## [PROVIDED DATA]
>>
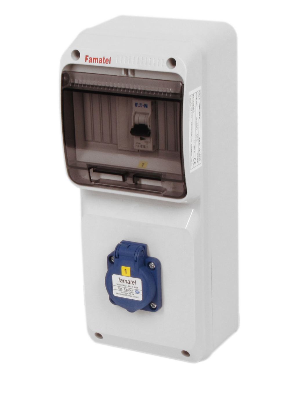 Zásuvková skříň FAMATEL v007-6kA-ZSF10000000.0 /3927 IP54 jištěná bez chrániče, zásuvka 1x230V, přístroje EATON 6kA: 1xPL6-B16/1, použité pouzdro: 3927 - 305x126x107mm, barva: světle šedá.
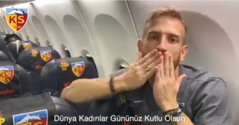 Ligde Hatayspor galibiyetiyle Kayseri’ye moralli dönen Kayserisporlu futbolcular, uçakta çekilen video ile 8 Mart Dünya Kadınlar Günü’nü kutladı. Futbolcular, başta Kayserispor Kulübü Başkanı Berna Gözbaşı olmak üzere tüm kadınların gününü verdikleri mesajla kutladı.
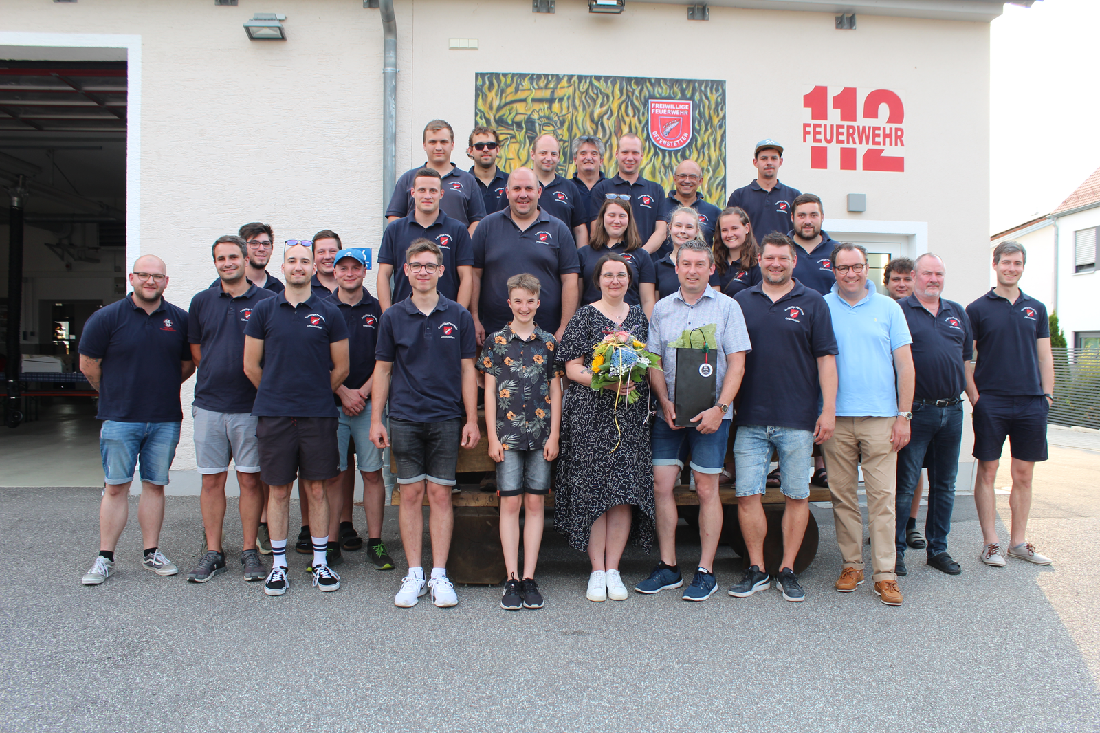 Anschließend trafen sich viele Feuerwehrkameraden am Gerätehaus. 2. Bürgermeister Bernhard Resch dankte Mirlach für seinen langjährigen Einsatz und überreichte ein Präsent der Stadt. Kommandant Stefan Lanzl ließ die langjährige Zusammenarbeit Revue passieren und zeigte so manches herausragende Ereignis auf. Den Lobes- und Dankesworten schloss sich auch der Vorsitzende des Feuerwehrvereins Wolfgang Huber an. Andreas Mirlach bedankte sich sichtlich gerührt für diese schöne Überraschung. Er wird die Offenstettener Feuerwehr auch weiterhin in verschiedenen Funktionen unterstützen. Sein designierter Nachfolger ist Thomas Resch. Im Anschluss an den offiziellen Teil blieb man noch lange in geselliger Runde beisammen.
<<
## [YOUR ASSIGNMENT]
Pictures stay out of the copy; print the material above exactly.

## [EXERCISE OUTPUT]
 Zásuvková skříň FAMATEL v007-6kA-ZSF10000000.0 /3927 IP54 jištěná bez chrániče, zásuvka 1x230V, přístroje EATON 6kA: 1xPL6-B16/1, použité pouzdro: 3927 - 305x126x107mm, barva: světle šedá.
 Ligde Hatayspor galibiyetiyle Kayseri’ye moralli dönen Kayserisporlu futbolcular, uçakta çekilen video ile 8 Mart Dünya Kadınlar Günü’nü kutladı. Futbolcular, başta Kayserispor Kulübü Başkanı Berna Gözbaşı olmak üzere tüm kadınların gününü verdikleri mesajla kutladı.
 Anschließend trafen sich viele Feuerwehrkameraden am Gerätehaus. 2. Bürgermeister Bernhard Resch dankte Mirlach für seinen langjährigen Einsatz und überreichte ein Präsent der Stadt. Kommandant Stefan Lanzl ließ die langjährige Zusammenarbeit Revue passieren und zeigte so manches herausragende Ereignis auf. Den Lobes- und Dankesworten schloss sich auch der Vorsitzende des Feuerwehrvereins Wolfgang Huber an. Andreas Mirlach bedankte sich sichtlich gerührt für diese schöne Überraschung. Er wird die Offenstettener Feuerwehr auch weiterhin in verschiedenen Funktionen unterstützen. Sein designierter Nachfolger ist Thomas Resch. Im Anschluss an den offiziellen Teil blieb man noch lange in geselliger Runde beisammen.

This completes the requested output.